The whole boot camp graduation seems commercialized, even “reality”
televised. But Tom’s drill instructors remember the Bad Old Days: their
media-squandered sacrifice in Vietnam, Kubrick‘s Full Metal Jacket,
well-publicized training fatalities... The Seventies were hell for the “Semper
Fi.” How to make honour again honourable? Spirited youth are always out there,
looking for a challenge, but how do you reclaim respect for warriors in a
commercial society? First, by enlisting their families, by translating the
training of young Spartans into the vocabulary of self-development seminars. And
second, by celebrating the challenge, by setting the bar high, just shy of
physical injury, and keeping it high.

It works. Tom’s platoon is mostly middle-class. Though the audience only
dimly understands, the boys came for “Honor, Courage, Commitment.” During the
lulls in their shouting--and Tom’s platoon had one sergeant assigned entirely to
shouting--the drill instructors offered lessons like, “Honor means doing the
right thing when no-one’s watching,” and “Commitment means keeping your
promises.” Now these once terrifying sergeants offer their congratulations, and
Tom respects them. Their job was to get him through, and they did their job.

That weekend, before we fly home with Tom, we drive from San Diego up to the
eastern Los Angeles basin, where he was born, and there we see clear evidence of
the revival of martial virtue in the United States. Almost every town has
banners hanging from their street lights, celebrating by name their local men
and women in the military. The one exception is the college town of Claremont,
Tom’s birthplace and an anomaly in middle-class California suburbia. Yet even
there, the anti-war banners on lawns plead, “Support our troops--bring them
home.” Support our troops. That’s a change.

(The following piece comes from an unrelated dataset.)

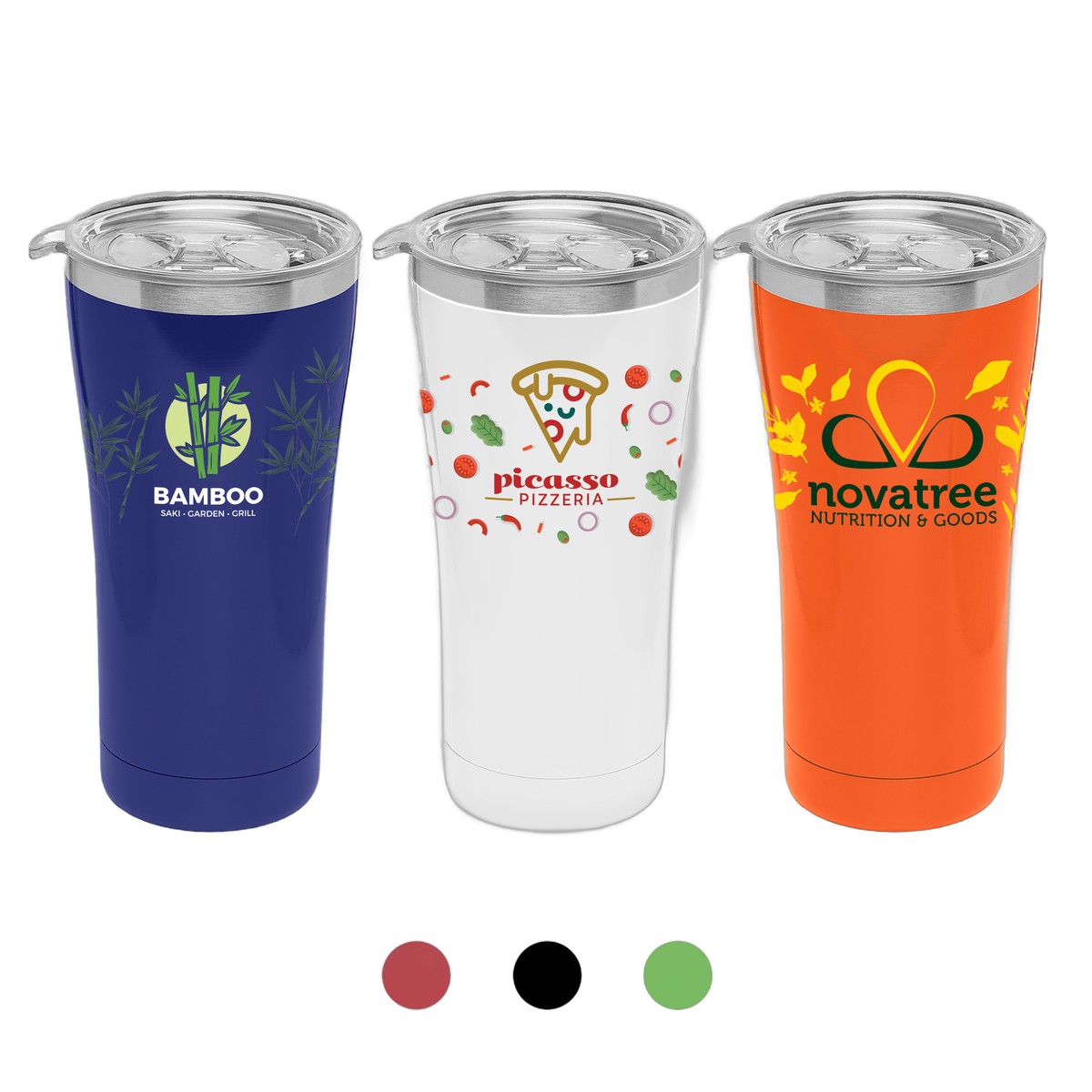Set out on your next adventure with the Voyage travel companion. This stylish and tall 21 oz. tumbler features a stainless steel contoured base, available in a variety of popular colors to match your brand. Designed for daily use, it includes a clear plastic snap-on, spill-resistant sip-top lid. The Voyage is vacuum-insulated, making it perfect for both hot and cold beverages, keeping drinks at the ideal temperature for up to 6 hours. Customize with a 1-color silkscreen imprint. CA Prop 65 compliant, BPA free, and meets all FDA requirements. Complies with CPSIA, FDA, Prop 65. 7.68" H x 3.39" W

This commitment to martial virtue is reawakening not only in the United
States, but in Canada and Australia. Yet the US alone shows other indicators
of the War on Self-Indulgence. Only the Americans have a visceral resistance to
“victimless” crimes like recreational drug use and prostitution. Only the United
States (and Poland) have real public debates about abortion. Most crucial, the
wealthy nations are suffering a “demographic winter,” the aging and collapse of
their infertile populations, so that over the next century, they will be joining
the Romany and Mayans in the museum of remnant tribes. Among the wealthy
peoples, only America’s conservative “red states” are having babies, embracing
the sacrifices of family, at rates sufficient to sustain the next generation of
Americans. At one point during the graduation, the command, “Let us pray,” rings
out, and 480 white-capped heads bow with a snap, chins to
chest, in a drill (Tom later told us) that took a full half-day’s practice. The
civilians do likewise.

Yes, the boot camp graduation ceremony is commercialized and media-vulgar. It
is also dignified, solemn and reverent. This paradox reflected a deep-seated
ambiguity at the heart of America itself. Is the United States merely a
commercial oligarchy? Is “the business of American” merely business, and the
loyalty of its gap-toothed consumers bribed with trinkets? Or is the United
States truly a republic, a res publica or “public thing,” where
citizenship and civic virtue are the truely animating ideals? American students
refused to fight in Vietnam, cynically convinced of the first. Almost
one-in-five adult white males died in the Civil War,
implacably convinced of the second. “A nation with the soul of a church,”
Chesterton called the Americans. In the midst of the current economic mischief,
it is worth pondering that they still enjoy the world’s second-oldest living
constitution--the only older regime being the Papacy. Semper Fi.

Before we left the San Diego recruit depot, Tom had to buy new pants; we had
brought him his favourite jeans, but Marines don’t dress like that, and neither
anymore does he. Later in Claremont, while we sit nostalgically in an outdoor
restaurant, a breeze blows some scrap paper onto the ground, and this once
indolent teenager notices, stoops and picks it up. The next day, he flies home
with us for ten days leave, and during his leave, he never utters one word of
complaint about anything. What wonders are wrought by three months of
discipline, fear and exhaustion--nurture we could never provide at home.

Joe Woodard is a writer and teacher in Calgary, Canada.